I wish we could get on demand show to play with the Tivo. I have Verizon FIOS and I have to have a FIOS cable box to be able to use their On Demand movies.


----------



## Dan203 (Apr 17, 2000)

That's up to the providers. CableCARDs are one way and as such have no way to communicate with the head end to make VOD work. TiVo has deals with Comcast and COX that allow them to support VOD on their services. For Comcast they use traditional VOD but instead of communicating with the head end via the coax they do so over the internet instead. For COX it's a pure IP system which works essentially via an app similar to Netflix. Because there is no standard for this TiVo can only support systems that give them access to their VOD via some sort of app or special access protocol.


----------



## TazExprez (May 31, 2014)

I have Verizon FiOS and don't really miss the OnDemand feature too much. I use Vudu and Amazon for PPV VOD content. I use Hulu, Netflix, and Amazon Prime for "free" VOD. I also have access to HBO Go on most of my smart TVs, so I get a better version of HBO OnDemand than what Verizon offers through their boxes.

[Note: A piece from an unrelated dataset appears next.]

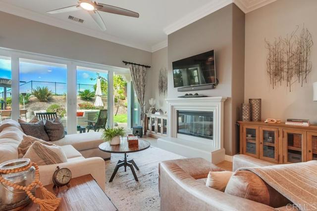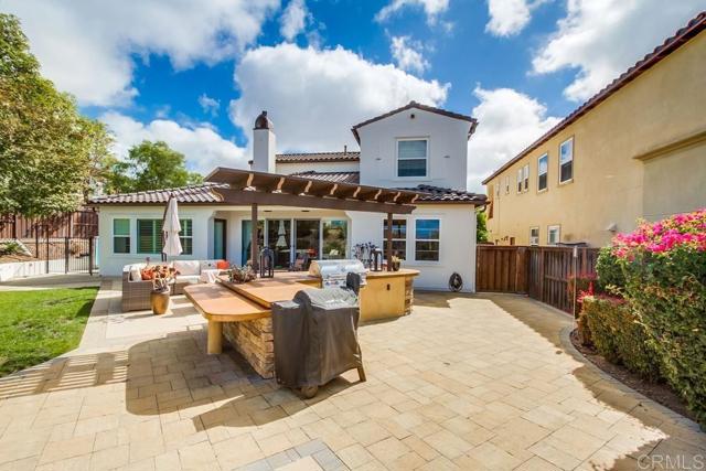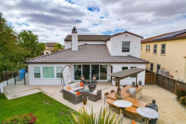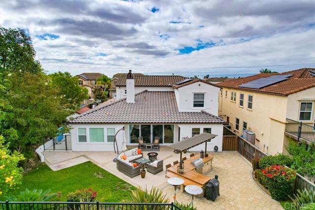 Welcome to this beautifully maintained Spanish-style two-story home offering 4 spacious bedrooms and 3.5 baths, located in a serene neighborhood with picturesque canyon views. Thoughtfully designed for comfort and functionality, the primary suite is conveniently located on the main entry level, providing ease and privacy. Inside, enjoy multiple living spaces including a formal living room, dining room, family room, and a casual breakfast nook adjacent to the kitchen-with high-end appliances. The gourmet kitchen features a central island—perfect for entertaining or everyday meals. A dedicated laundry room with ample built-in storage adds convenience to your daily routine, located on the entry level. Step outside to a backyard made for entertaining—complete with a lush lawn, a peek ocean view, built-in BBQ/bar area, and an expansive patio ideal for gatherings, all overlooking tranquil canyon vistas. The freshly painted exterior enhances the timeless charm of the home’s Spanish architecture. Additional highlights include a 3-car garage, oversized driveway, and dedicated boat/RV parking, offering plenty of space for all your vehicles and toys, plus the community club offers a work out room, a recreation room plus a pool is designated for residents only. This is a rare opportunity to own a spacious, move-in ready home in a quiet, well-kept community close to nature yet minutes from local amenities and only a few strides to the hiking trails.

It would be great if Verizon supported VOD on TiVo, but I don't miss it that much.


----------



## Dan203 (Apr 17, 2000)

I have a separate box just for VOD I don't think I've even turned it on in 6 months.


----------



## ajwees41 (May 7, 2006)

Dan203 said:


> That's up to the providers. CableCARDs are one way and as such have no way to communicate with the head end to make VOD work. TiVo has deals with Comcast and COX that allow them to support VOD on their services. For Comcast they use traditional VOD but instead of communicating with the head end via the coax they do so over the internet instead. For COX it's a pure IP system which works essentially via an app similar to Netflix. Because there is no standard for this TiVo can only support systems that give them access to their VOD via some sort of app or special access protocol.

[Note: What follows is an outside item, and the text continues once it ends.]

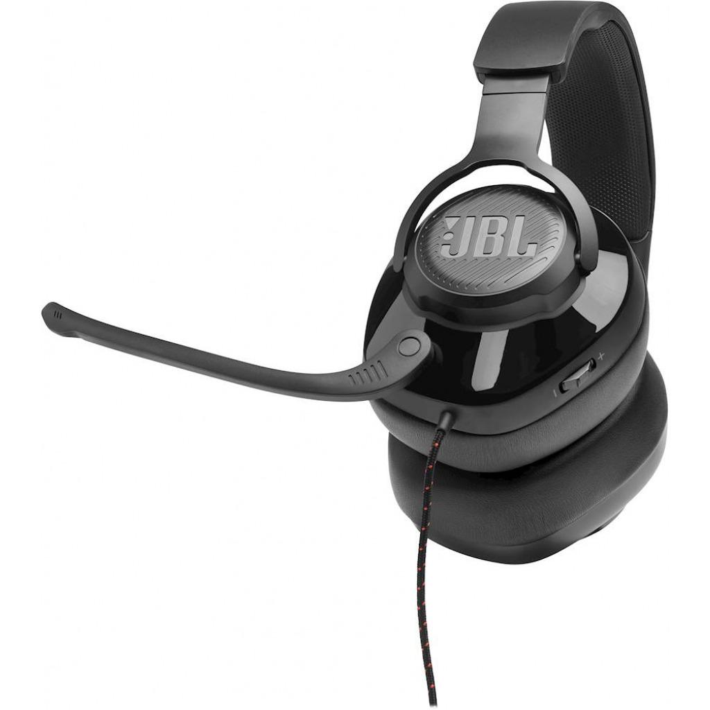 JBL Quantum 200 Gaming Headphones, Wired Over Ear Gaming Headphones with mic – Black Communicate with your team by using this JBL Quantum over-ear wired gaming headset. QuantumSOUND Signature technology delivers refined audio for an immersive experience, and memory foam ear cushions offer all-day comfort. This JBL Quantum over-ear wired gaming headset features Echo Cancellation technology that eliminates reverberations, and compatibility with Windows Sonic enables virtual spatial sounds.

the cards are 2way, but the hardware is oneway


----------



## Dan203 (Apr 17, 2000)

We had this discussion in another thread. The CableCARD standard only allows for one way communication. In fact there is a provision in the standard that specufically prevents retail devices from containing bidirectional hardware such as OOB transmitters. Only MSO supplied hardware is allowed to communicate with the head end directly over the coax. The fact that they also use CableCARDs doesn't mean that the CableCARDs we have in our TiVos are bidirectional.


----------



## trip1eX (Apr 2, 2005)

My provider has ON-demand on the Tivos it leases to customers, but no go for my Roamio Plus.


----------



## Dan203 (Apr 17, 2000)

RCN? I think they are the only ones that have VOD on TiVo but not for retail devices. IIRC they use the SeaChange servers just like Comcast. No reason they couldn't open it up to retail devices they just choose not to.


----------